Laboratory results (e.g., peripheral blood morphology) were stable during follow-up—delayed administration of the next chemotherapy cycle, or half-dose reduction due to thrombocytopenia, leucopenia or neutropenia were similar in both groups.There were no direct statistically significant differences in chemotherapy related toxicity between the two study groups. However, it seems highly likely that such a difference would occur in the case of longer follow-up times, and more chemotherapy cycles. This indicates an improvement in nutritional status and a reduction in inflammatory parameters in patients receiving nutritional support.

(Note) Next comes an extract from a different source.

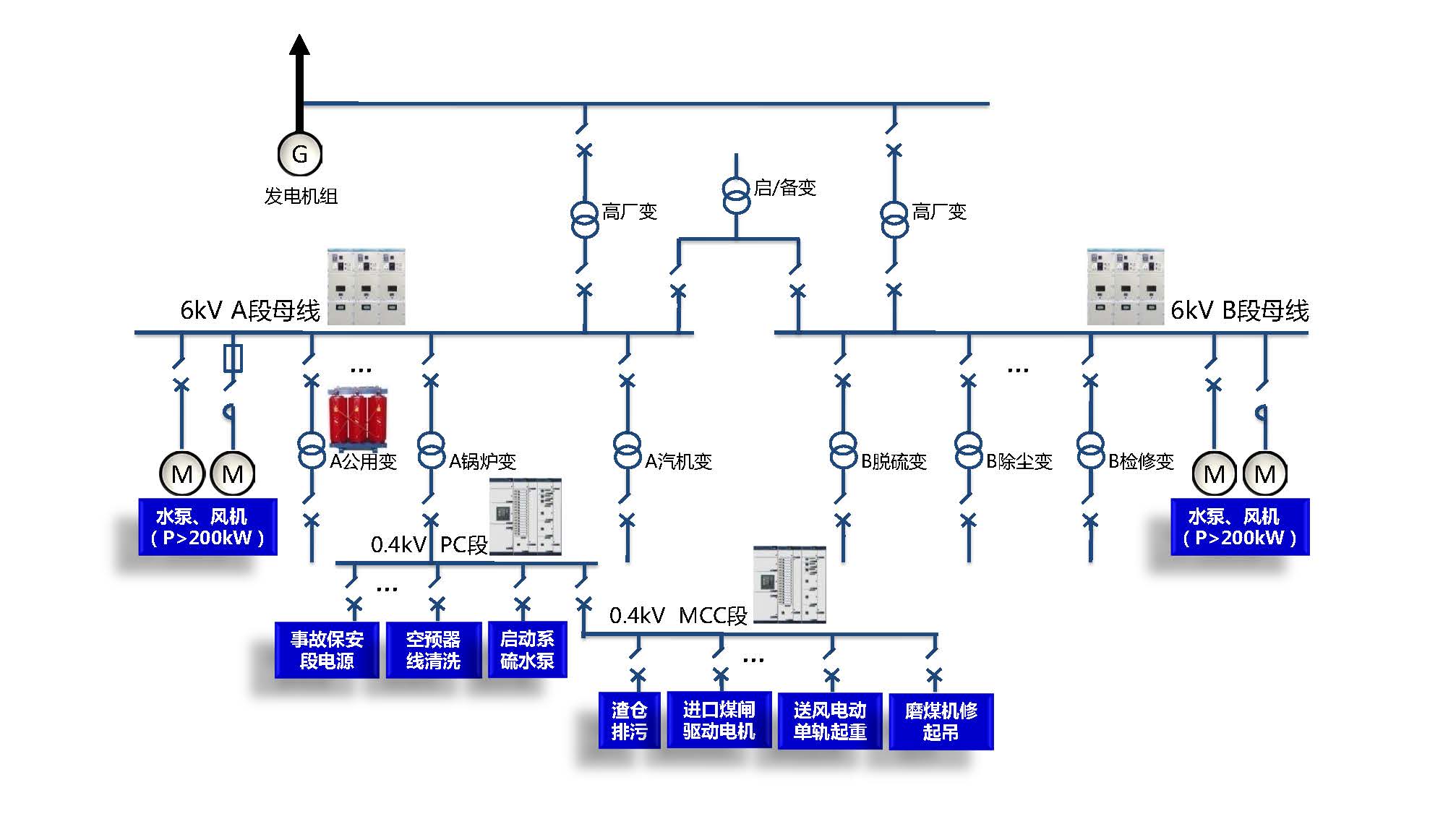 中壓系統(tǒng)通過中低壓廠用變壓器,供電給廠用電低壓動力設(shè)備和照明、檢修等。低壓廠用電系統(tǒng)通常采用動力中心PC、電動機控制中心MCC供電方式。對于PC和MCC供電,威勝電氣提供通過全型式試驗的西門子授權(quán)SIVACON 8PT低壓配電柜、施耐德授權(quán)Blokset低壓配電柜、MNS低壓配電柜,滿足低壓配電線路保護和電動機保護控制要求。

4.4. Limitations and Advantages of the Study

Our study is one of the first studies of early nutritional support during chemotherapy, and the first in CRC. The monthly visits with extensive data collection in both groups, including a strong focus on nutrition status, helped minimize placebo effect. The high compliance is also a strength of the study. The limitation of this study is primarily the short observation period, as well as patient resignation during the study. Patients most often reported lack of time, fatigue, malaise, and in ONS group, difficulty maintaining the recommended dose of the supplement, bad taste of the supplement. However, it is worth emphasizing the good tolerance of dietary treatment, the absence of differences in gastrointestinal symptoms between groups, and the high level of compliance of patients with recommendations for nutritional treatment.

It appears that the implementation of high-protein oral nutritional support at an early stage of metabolic disorders and nutritional status (i.e., precachexia) is a good method to reduce the risk of deepening malnutrition. It is also worth stressing that such action reduces the exponents of subclinical inflammation, which is the main pathophysiological cause of the development of malignant anorexia-cachexia syndrome. Taking into account the results of the study, the main endpoint should be the nutritional status rather than toxicity. Determining the effect of supplementation on chemo-toxicity has resulted in much longer follow-up and more patients.

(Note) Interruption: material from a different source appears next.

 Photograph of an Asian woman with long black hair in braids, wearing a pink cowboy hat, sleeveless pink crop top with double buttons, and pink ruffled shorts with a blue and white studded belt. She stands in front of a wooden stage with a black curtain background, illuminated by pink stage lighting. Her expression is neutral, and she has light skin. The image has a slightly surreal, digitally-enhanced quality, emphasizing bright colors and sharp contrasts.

Further studies, and longer follow-up time, are advised to answer the question—does the use of high-protein dietary support at the stage of precachexia involve a prolongation of overall survival in patients with colorectal cancer? We are still looking for new therapies that will help to improve the prognosis of patients with cancer. It is also worth to pay attention to nutritional aspects, and their possible role in the prognosis.

5. Conclusions

• Results of the study did not indicate that nutritional support with high protein ONS in adult oncologic patients in the first step of cancer cachexia—asymptomatic precachexia, had an influence on the toxicity of systemic therapy.
• High protein dietary support improves nutritional status in colorectal cancer patients with precachexia.
• The performance status (based on Karnofsky scale) and quality of life were stable throughout the observation, and was not changed under the supplementation.
• Tolerability of the ONS treatment was good. There were no differences between the groups (ONS vs. Control) in number and severity of nausea, vomiting, diarrhea, abdominal pain.